By far, the primary facility in the application involves loading and rendering HTML documents, as well as doing lots of client-side DOM manipulation. However, at least in the past, Chrome would totally lock up on a large document until it could load and render the entire thing. We're still assuming that that can happen, but we'd be ecstatic if this were no longer the case.

To work around this problem, we implemented caching of individual pages using HTML 5 session storage. That is, whenever the user opened a document in our application, the first x number of pages (separate HTML documents, really) would be fetched, rendered and session-stored. While the user was looking at that first set of pages, all subsequent pages would be fetched and session-stored within a background task of sorts, so that whenever the user went to a given page, the browser displayed it far more quickly than if we fetched it on demand from the server.

It used to be that Chrome allowed unlimited session storage. Very recently, however, Chrome implemented a session storage limit of 10MB per domain, which really only allows us to cache about 17 pages of one file, total.

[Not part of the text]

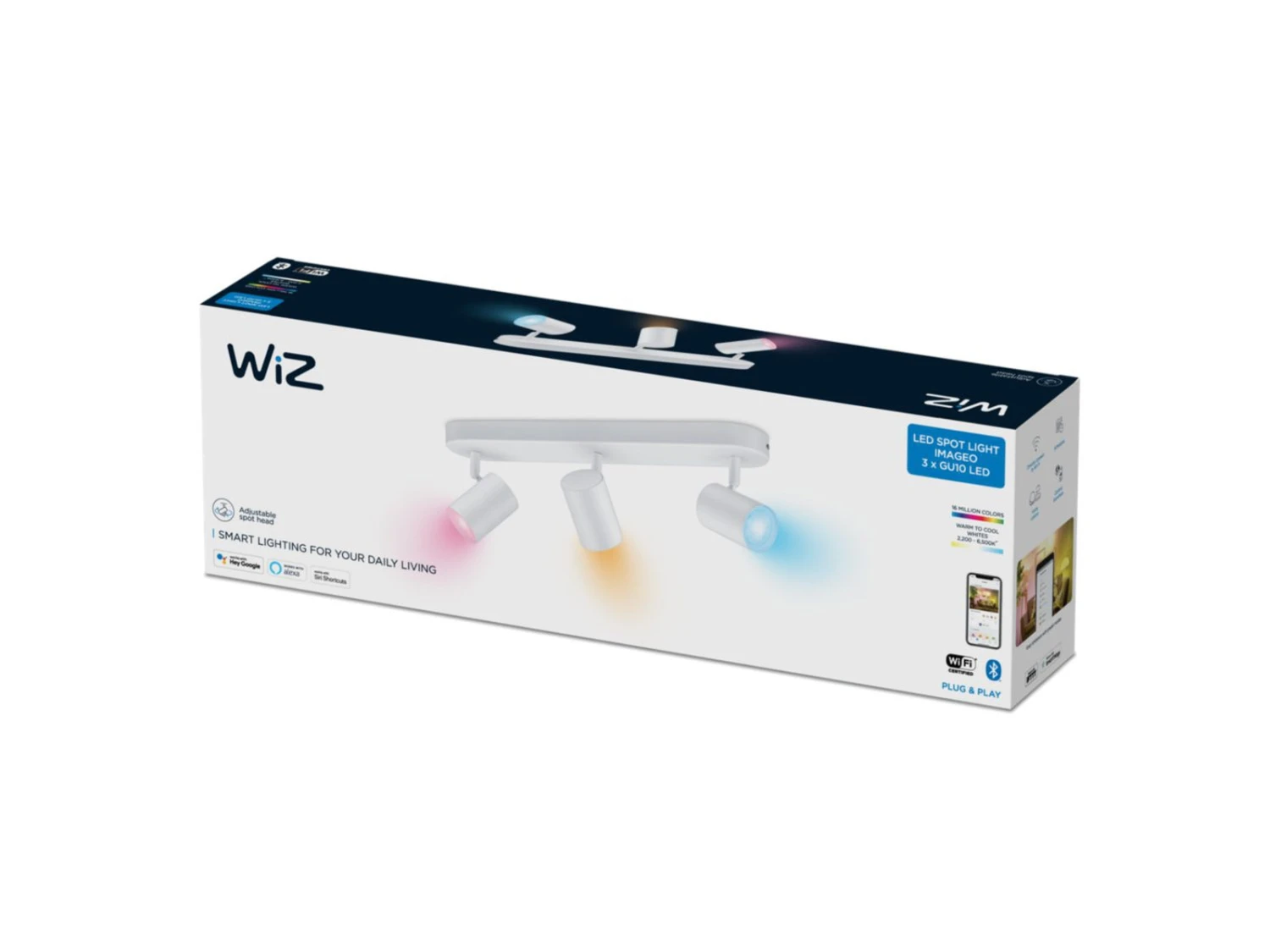 Bruk de tre justerbare spottene og det fargerike smartlyset i WiZ Imageo påbygd smartlys i hvitt for å sette preg på rommene. Du kan styre lyset gjennom Wi-Fi-nettverket i både WiZ-appen og via stemmen din.

Would anyone have thoughts on how to get around this jam? Does anyone have experience with IndexedDB or any other related things?

cdru
Go Colts
MVM
join:2003-05-14
Fort Wayne, IN

cdru

MVM

said by fukitol:

It used to be that Chrome allowed unlimited session storage. Very recently, however, Chrome implemented a session storage limit of 10MB per domain, which really only allows us to cache about 17 pages of one file, total.

Are you sure about that limit? According to Google's developer's guide it's unlimited up to available system resources. Perhaps your particular test bed doesn't have appropriate storage?